Basic features of coccidioides

Taxonomy:

  • Order: Onygenales
  • Family: Onygenaceae
  • Genus: Coccidioides

Forms:

  • Dimorphic fungus
  • Exists as both mycelia or as spherules (asexual forms) 

Reproduction:

  • No sexual form has been found.
  • Mycelia and spherules undergo binary fission.
  • Arthroconidia are the infectious particles of the Coccidioides species.
    • Transform into spherules in the lungs and tissues
    • Spherules are filled with endospores that burst and amplify the infection.

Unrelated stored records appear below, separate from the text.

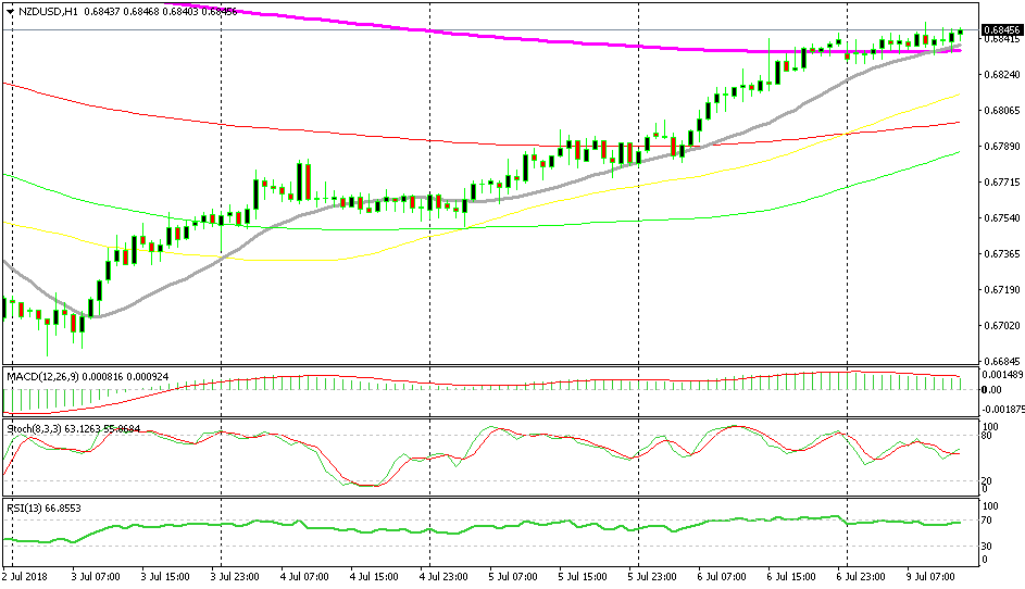 Commodity currencies have been on a strong bearish trend for several weeks. But, the trend changed last week, or at least a decent pullback is underway for risk currencies as they are making some decent gains against the US Dollar. NZD/USD has entered a bullish phase as a result and last week the uptrend was pretty smooth. The buyers didn’t find much resistance on the way up. The 20 SMA (grey) has been pushing the price higher, thus keeping the uptrend in place. Now the price has moved above the 200 SMA (purple) so the way is open for additional gains. The market sentiment is positive as well which is helping risk currencies.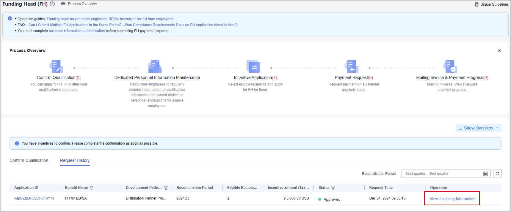 4. On the Request History tab, select an approved payment request and click View Invoicing Information in the Operation column.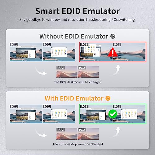 【Commutateur KVM DisplayPort 4 PC 2 moniteurs】 Commutateur KVM 4 ports pour connecter jusqu'à 4 ordinateurs de bureau ou ordinateurs portables pour partager 1 jeu de clavier, souris et 2 moniteurs pour la configuration de bureaux à domicile, consoles de jeux et appareils de streaming. Répondez aux besoins de vos différents appareils, réduisez l'encombrement et créez de l'espace sur le bureau en réduisant le nombre de claviers, moniteurs et souris indésirables, environnement de travail simplifié.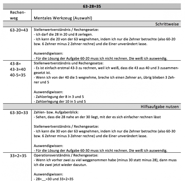 Auch Sie werden beim Lösen der Aufgabe 63-28 mentales Werkzeug genutzt haben und finden vielleicht in den oben genannten Beispielen „Bestandteile“ Ihres Lösungsweges wieder und können jetzt ein bisschen genauer erkennen, was genau beim Rechnen in Ihrem Kopf vorgegangen ist.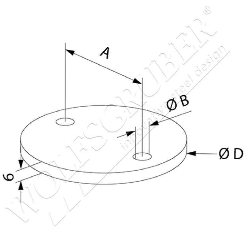 Rondelle plate avec 1 trou, en acier inoxydable 304 brossé, de diamètre 56 mm. Le montage s'effectue avec du silicone.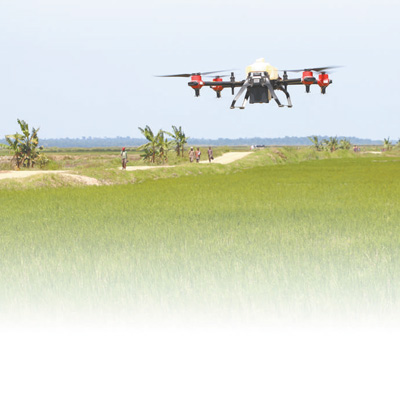 在乌干达卡隆古区卢卡亚镇中亿农业园,一架无人机正在进行喷洒农药作业。 |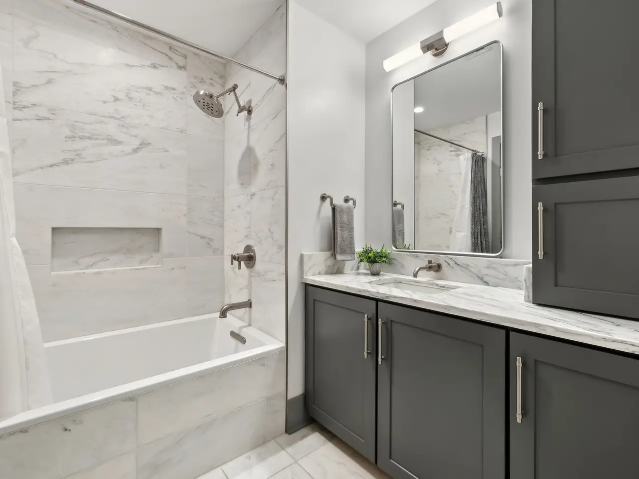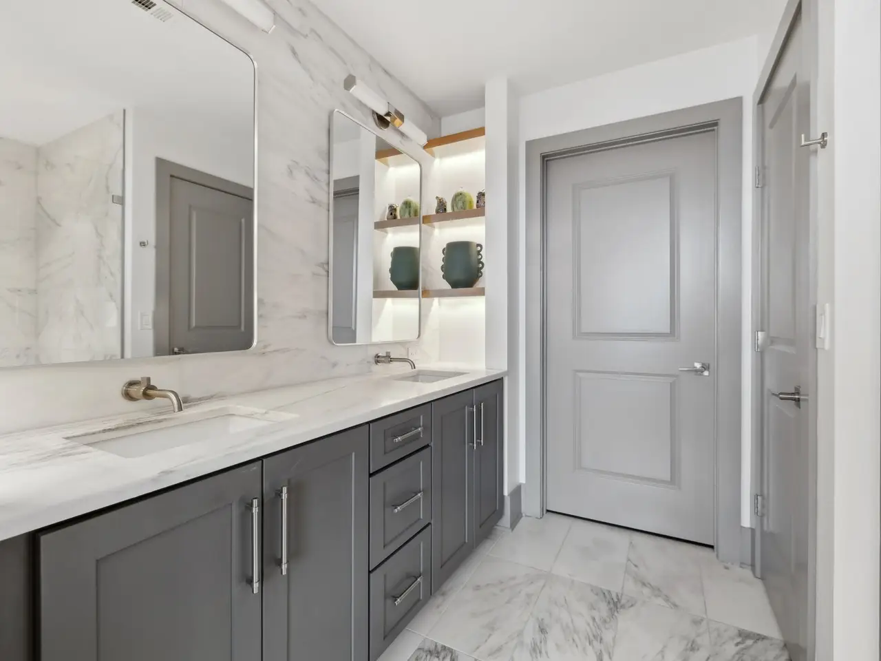 • Marble countertops and backsplash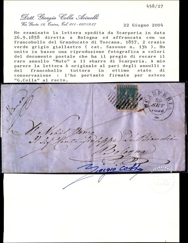 Scarperia (muto a 11 sbarre ovali P.ti R2) su 2 crazie azzurro grigio (5d) pił doppio cerchio grande su lettera per Firenze del 8.2.56 - molto bello - Bolaffi + Diena + Vaccari + cert. Diena

Clinically relevant species

Coccidioidomycosis (also known as San Joaquin Valley fever) can be caused by:

  • Coccidioides immitis 
  • Coccidioides posadasii

Epidemiology

  • In North America, Coccidioides is endemic to the southwestern United States:
    • California
    • Arizona
    • Utah
    • Nevada
    • New Mexico
  • Approximately 30%–60% of people who live in endemic areas are exposed at some point.
  • Incidence: approximately 42 cases per 100,000 people
    • Highest incidence in elderly
    • Can cause 15%–30% of community pneumonia in these areas

Pathogenesis

Reservoir

  • Soil in endemic regions
  • Rodents may serve as animal reservoirs (no reported zoonotic transmission to humans).

Transmission

Coccidioides arthroconidia can become airborne when soil is disturbed, allowing transmission via inhalation.

Host risk factors

  • Progressive coccidioidomycosis is uncommon in healthy people, and risk factors include:
    • AIDS infection
    • Use of immunosuppressant medications
    • Chronic steroid use
    • Elderly
    • Pregnant patients
    • History of diabetes mellitus 
    • African American or Filipino ethnicity 
  • Those with high spore exposure are also at an increased risk:
    • Construction workers
    • Farmers
    • Archaeologists

Pathogenesis

  • Inhalation of arthroconidia → develop into tissue-invasive spherules 
    • Enlarge and rupture, releasing thousands of endospores → can form new spherules
    • Can be self-limiting or cause pulmonary disease
    • Can trigger local inflammatory response 
      • Infiltration of neutrophils and eosinophils
      • Granulomatous response with B and T lymphocytes and macrophages
  • Disseminated disease occurs via hematogenous spread (particularly in immunocompromised and pregnant patients)
  • Cutaneous disease can result from either:
    • Dissemination
    • Direct inoculation

Clinical Presentation and Diagnosis

The clinical presentation can vary from asymptomatic to life-threatening. The incubation period is 1–4 weeks after exposure.

Constitutional symptoms

  • Low-grade fever
  • Night sweats
  • Anorexia
  • Weight loss
  • Weakness
  • Chills

Pulmonary involvement

  • Chest pain
  • Dyspnea
  • Cough
    • Dry or with sputum 
    • May present with hemoptysis

Cutaneous involvement

Cutaneous involvement may occur in conjunction with pulmonary involvement, with direct inoculation, or from disseminated disease.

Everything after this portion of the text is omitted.